------ EXTRACTED DATA

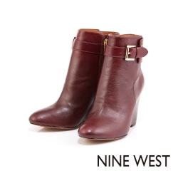 NINE WEST 暖秋人氣嬌點 條帶裝飾皮革楔型踝靴-溫暖棕紅
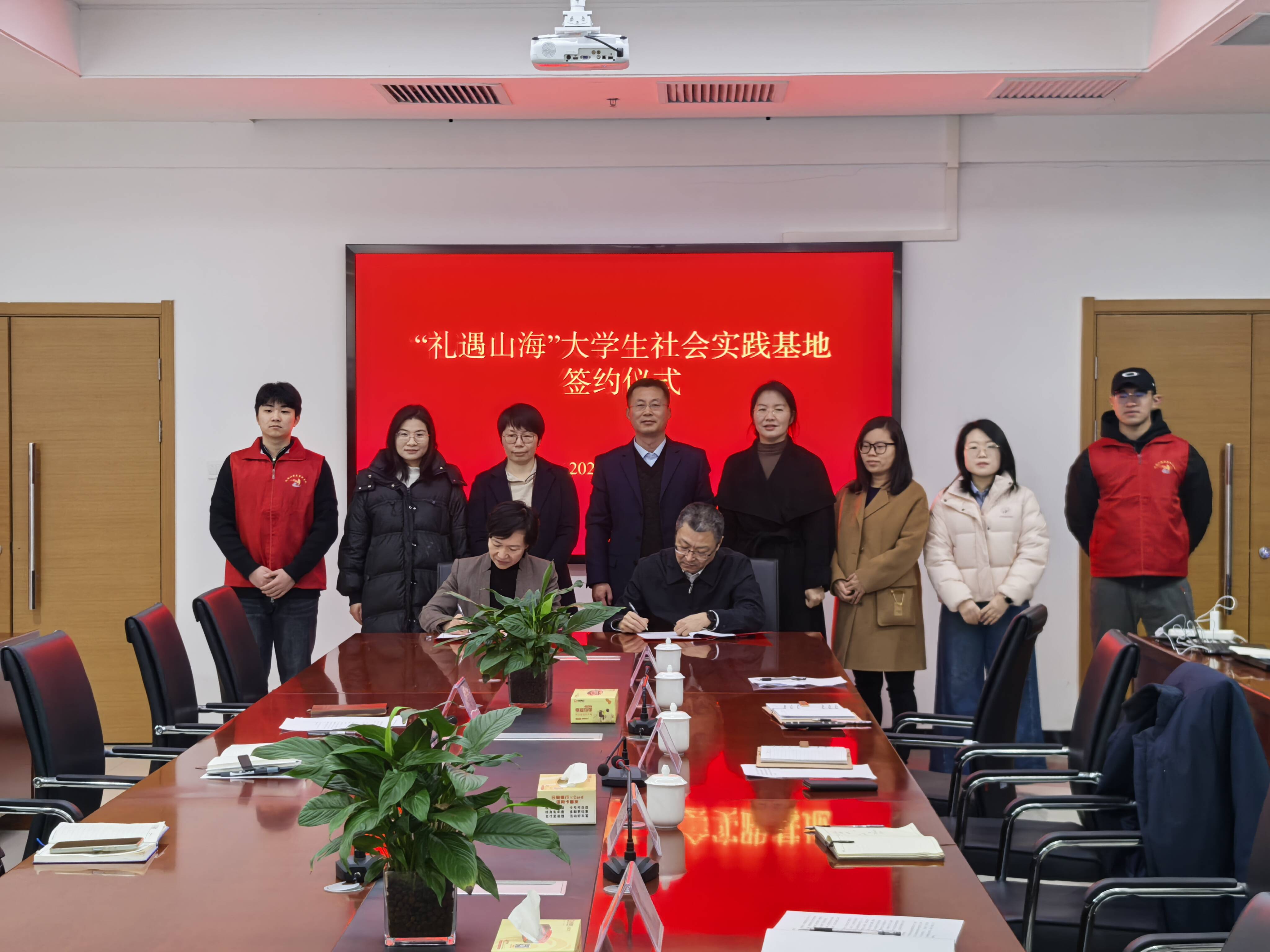 致辞结束后,双方领导共同签署了《“礼遇山海”大学生社会实践基地合作框架协议》。签约仪式后,举行了“礼遇山海”大学生社会实践基地揭牌仪式,双方领导共同为基地揭牌,标志着我校与山海天旅游度假区文旅局的校地合作迈入实质性阶段。
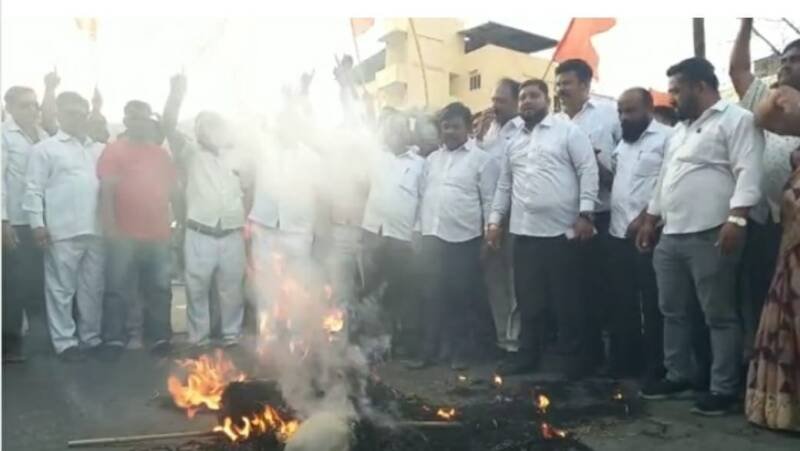 *🎴ठाणे, दि-०४:-* ठाकरे गटाचे खासदार अरविंद सावंत यांनी संभाजी नगर येथे पार पडलेल्या महाविकास आघाडीच्या वज्रमुठ सभेमध्ये मुख्यमंत्री एकनाथ शिंदे यांचा रिक्षावाला उल्लेख करत महाविकास आघाडीचे नेते रिक्षावाल्यांच्या हाताखाली काम करणार का? असं बेताल वक्तव्य केले. या वक्तव्यानंतर संपुर्ण महाराष्ट्रात शिवसैनिक आक्रमक झाले असून ठाण्यातील मा. नगरसेवक एकनाथ भोईर व रिक्षाचालक व शिवसैनिकांनी रस्त्यावर उतरत जोरदार घोषणाबाजी करत निषेध नोंदवला आहे. यावेळी खासदार अरविंद सांवत यांचा प्रतिकात्मक पुतळा जाळत शिवसैनिक आक्रमक झाले आहेत.
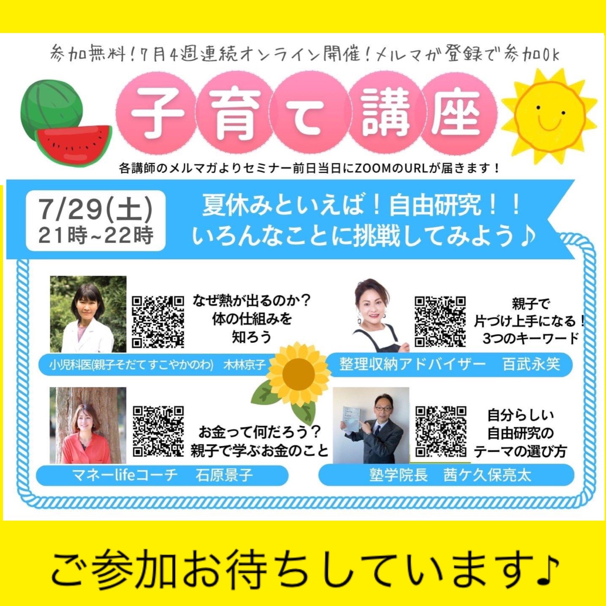 本日特別🌻夏休み🍉子育てセミナー
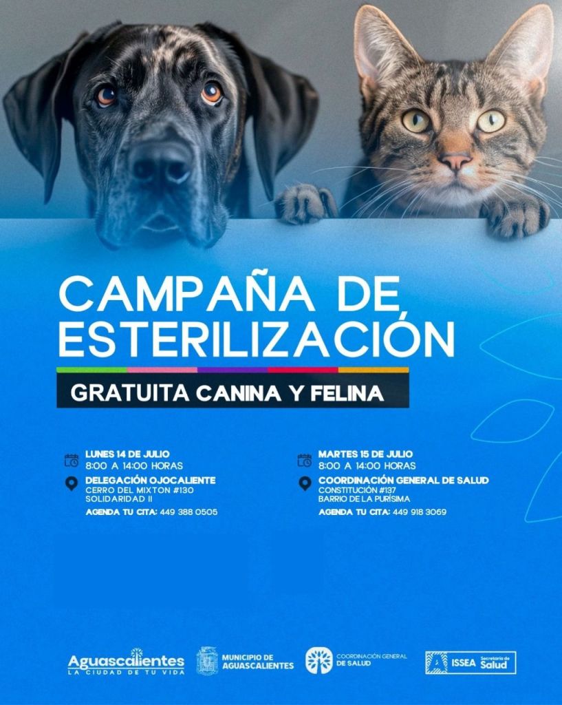 La Secretaría de Servicios de Salud del Estado de Aguascalientes y la Coordinación General de Salud del Municipio de Aguascalientes, anuncian nuevas fechas para esterilizaciones gratuitas para caninos y felinos.
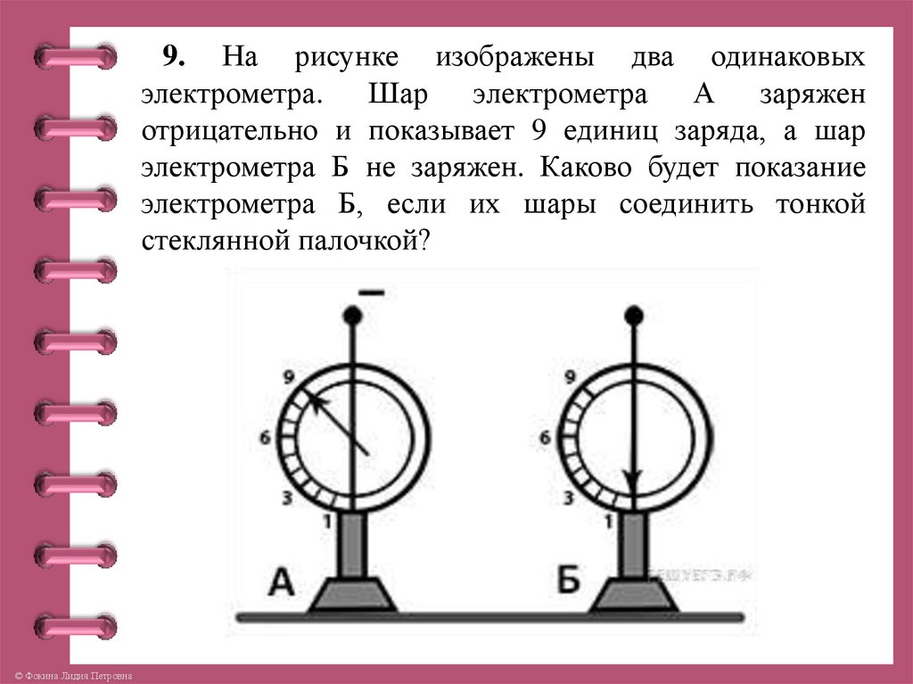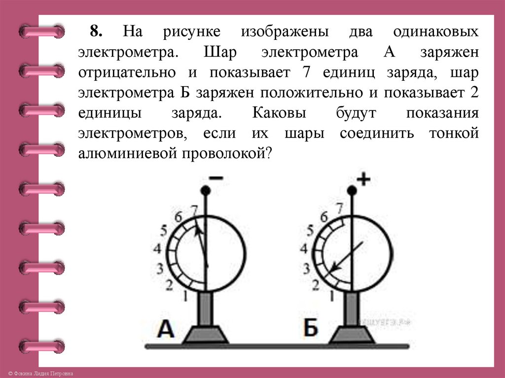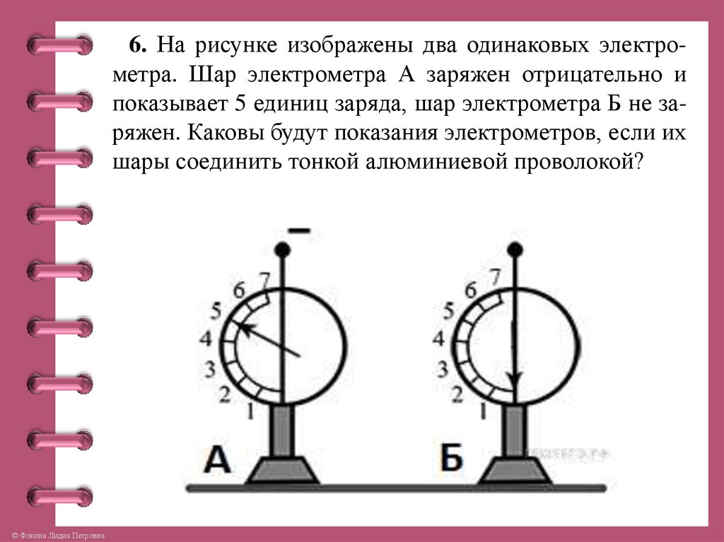 6. На рисунке изображены два одинаковых электрометра. Шар электрометра А заряжен отрицательно ипоказывает 5 единиц заряда, шар электрометра Б не заряжен. Каковы будут показания электрометров, если их
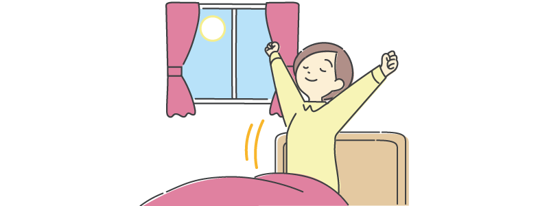 また、日中にお昼寝をする場合は、長すぎると睡眠の質を低下させる恐れがあるため、午後3時までの時間帯に30分以内にとどめましょう。夕方には軽いウォーキングやストレッチ等で体温を上げておくと、就寝時に体温が下がってスムーズな入眠に繋がります。
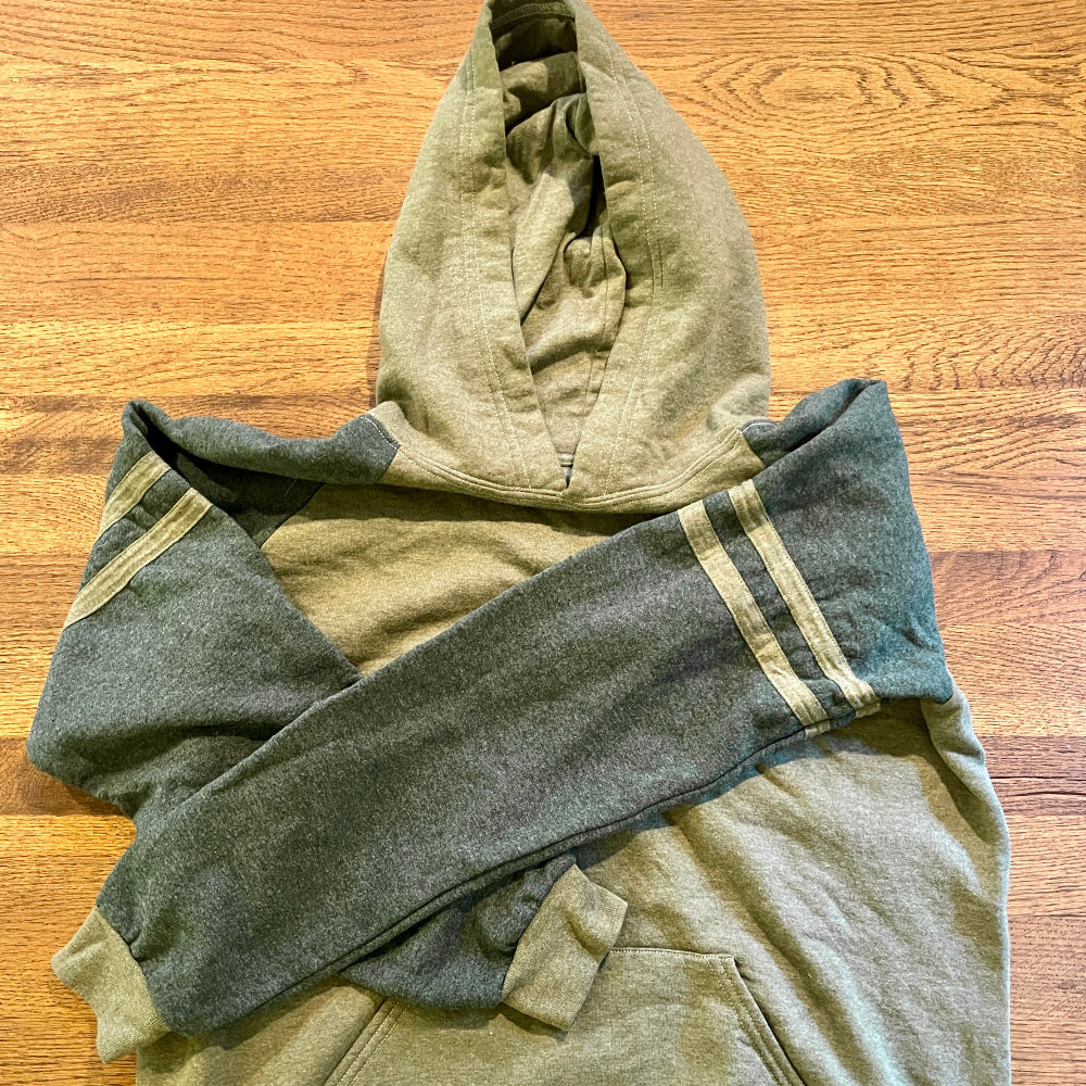 #18-10 Sample Sale: Tonal Olive Green Varsity Stripe Popover Hoodie Size MEDIUM
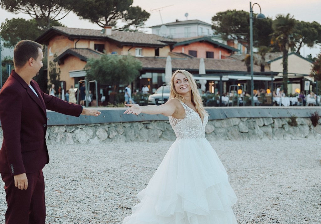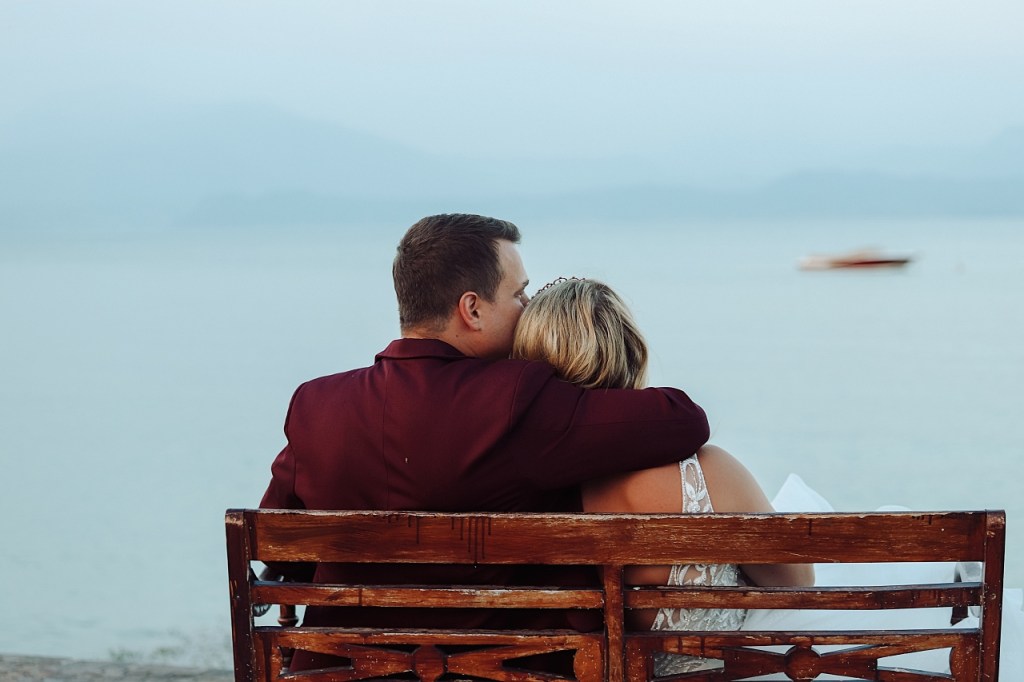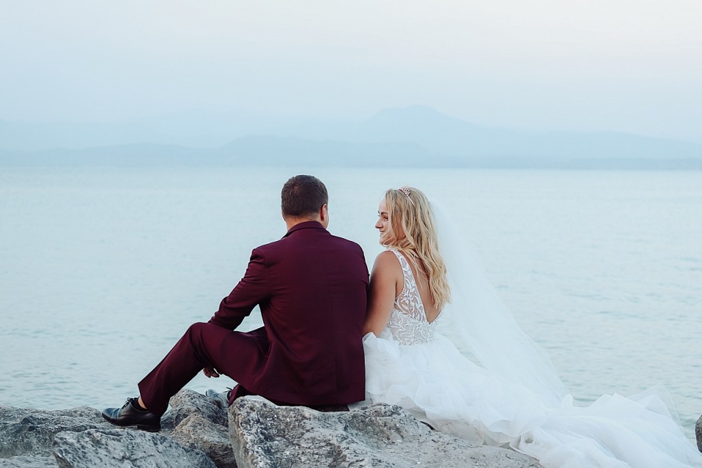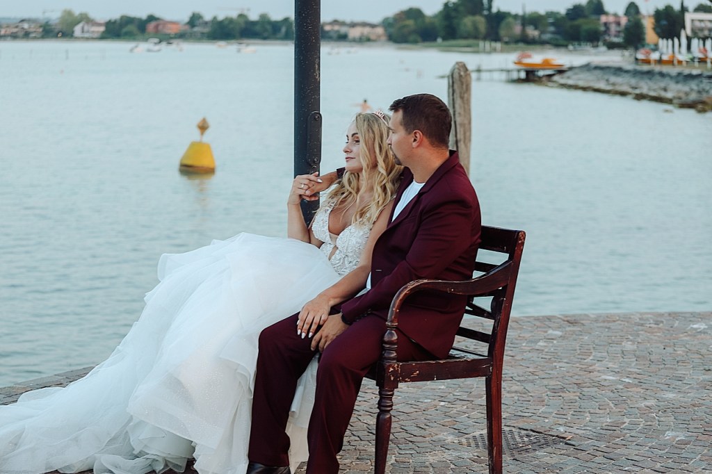 Wracając do ogłoszenia, Młoda Para szukała fotografa na sesję ślubną we Włoszech. Termin pokrywał się z moim urlopem na jeziorem Garda. Po wymianie kilku wiadomości, Para zdecydowała się przyjechać do miejscowości w której odpoczywałam:) Liczyłam na piękną „golden hour”, ale akurat tego dnia zbierało się na burzę. Pochmurne, lekko zamglone niebo nadało zdjęciom innego klimatu. Myślę, że bardziej oryginalnego:)

------------

- PROBLEM DETAILS:
The expected output is every entry above, character for character, with no pictures.

- TASK OUTPUT:
 NINE WEST 暖秋人氣嬌點 條帶裝飾皮革楔型踝靴-溫暖棕紅
 致辞结束后,双方领导共同签署了《“礼遇山海”大学生社会实践基地合作框架协议》。签约仪式后,举行了“礼遇山海”大学生社会实践基地揭牌仪式,双方领导共同为基地揭牌,标志着我校与山海天旅游度假区文旅局的校地合作迈入实质性阶段。
 *🎴ठाणे, दि-०४:-* ठाकरे गटाचे खासदार अरविंद सावंत यांनी संभाजी नगर येथे पार पडलेल्या महाविकास आघाडीच्या वज्रमुठ सभेमध्ये मुख्यमंत्री एकनाथ शिंदे यांचा रिक्षावाला उल्लेख करत महाविकास आघाडीचे नेते रिक्षावाल्यांच्या हाताखाली काम करणार का? असं बेताल वक्तव्य केले. या वक्तव्यानंतर संपुर्ण महाराष्ट्रात शिवसैनिक आक्रमक झाले असून ठाण्यातील मा. नगरसेवक एकनाथ भोईर व रिक्षाचालक व शिवसैनिकांनी रस्त्यावर उतरत जोरदार घोषणाबाजी करत निषेध नोंदवला आहे. यावेळी खासदार अरविंद सांवत यांचा प्रतिकात्मक पुतळा जाळत शिवसैनिक आक्रमक झाले आहेत.
 本日特別🌻夏休み🍉子育てセミナー
 La Secretaría de Servicios de Salud del Estado de Aguascalientes y la Coordinación General de Salud del Municipio de Aguascalientes, anuncian nuevas fechas para esterilizaciones gratuitas para caninos y felinos.
 6. На рисунке изображены два одинаковых электрометра. Шар электрометра А заряжен отрицательно ипоказывает 5 единиц заряда, шар электрометра Б не заряжен. Каковы будут показания электрометров, если их
 また、日中にお昼寝をする場合は、長すぎると睡眠の質を低下させる恐れがあるため、午後3時までの時間帯に30分以内にとどめましょう。夕方には軽いウォーキングやストレッチ等で体温を上げておくと、就寝時に体温が下がってスムーズな入眠に繋がります。
 #18-10 Sample Sale: Tonal Olive Green Varsity Stripe Popover Hoodie Size MEDIUM
 Wracając do ogłoszenia, Młoda Para szukała fotografa na sesję ślubną we Włoszech. Termin pokrywał się z moim urlopem na jeziorem Garda. Po wymianie kilku wiadomości, Para zdecydowała się przyjechać do miejscowości w której odpoczywałam:) Liczyłam na piękną „golden hour”, ale akurat tego dnia zbierało się na burzę. Pochmurne, lekko zamglone niebo nadało zdjęciom innego klimatu. Myślę, że bardziej oryginalnego:)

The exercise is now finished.